§ **TASK DIRECTIONS**
An exact reproduction is needed of every line from the beginning of the data down to and including the line that contains "在比赛过程中,八支参赛队伍深", minus the pictures.

§ **INFORMATION SHOWN**
--

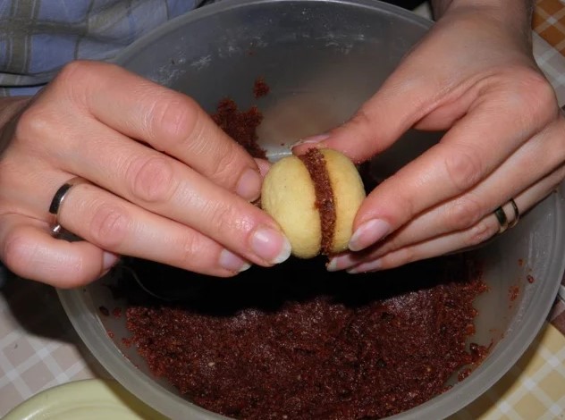 Din aluatul respectiv se fac bilute mici de aluat – cu cat sunt mai mici cu atat se vor coace mai repede si vor fi mai moi dar puteti face bilutele dupa cum va place mai mult.
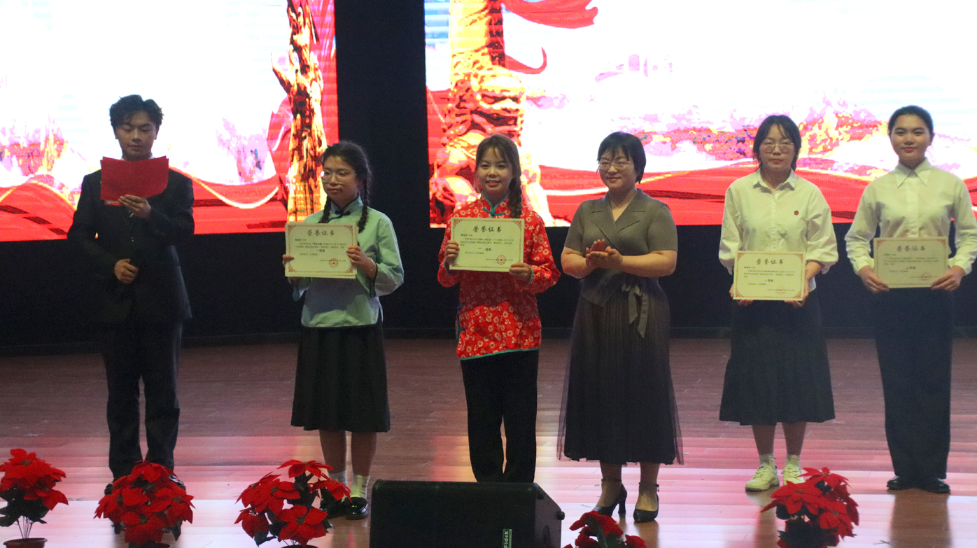 在比赛过程中,八支参赛队伍深情演绎,展示出独特的青春风采,充分展现了农商学子较高的思想政治素养和水平。经过激烈角逐,《青春觉醒》和《请听,他们说……》两组参赛队伍获得一等奖;《错位时空——百年芳华》和《以书信诵先辈荣光》两组参赛队伍获得二等奖;《百年征程》、《瑞金瑞京》、《红岩》和《巾帼力量显担当》四组队伍获得三等奖。
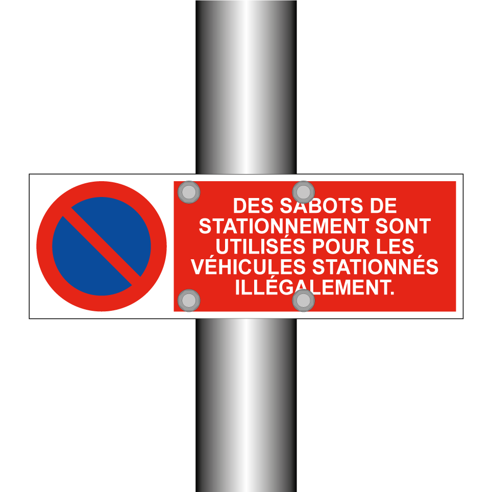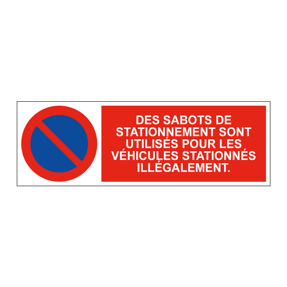 Panneau d'interdiction de stationner avec le texte : "Des sabots de stationnement sont utilisés pour les véhicules stationnés illégalement." et une symbolique claire.

--

§ **WRITTEN RESPONSE**
 Din aluatul respectiv se fac bilute mici de aluat – cu cat sunt mai mici cu atat se vor coace mai repede si vor fi mai moi dar puteti face bilutele dupa cum va place mai mult.
 在比赛过程中,八支参赛队伍深情演绎,展示出独特的青春风采,充分展现了农商学子较高的思想政治素养和水平。经过激烈角逐,《青春觉醒》和《请听,他们说……》两组参赛队伍获得一等奖;《错位时空——百年芳华》和《以书信诵先辈荣光》两组参赛队伍获得二等奖;《百年征程》、《瑞金瑞京》、《红岩》和《巾帼力量显担当》四组队伍获得三等奖。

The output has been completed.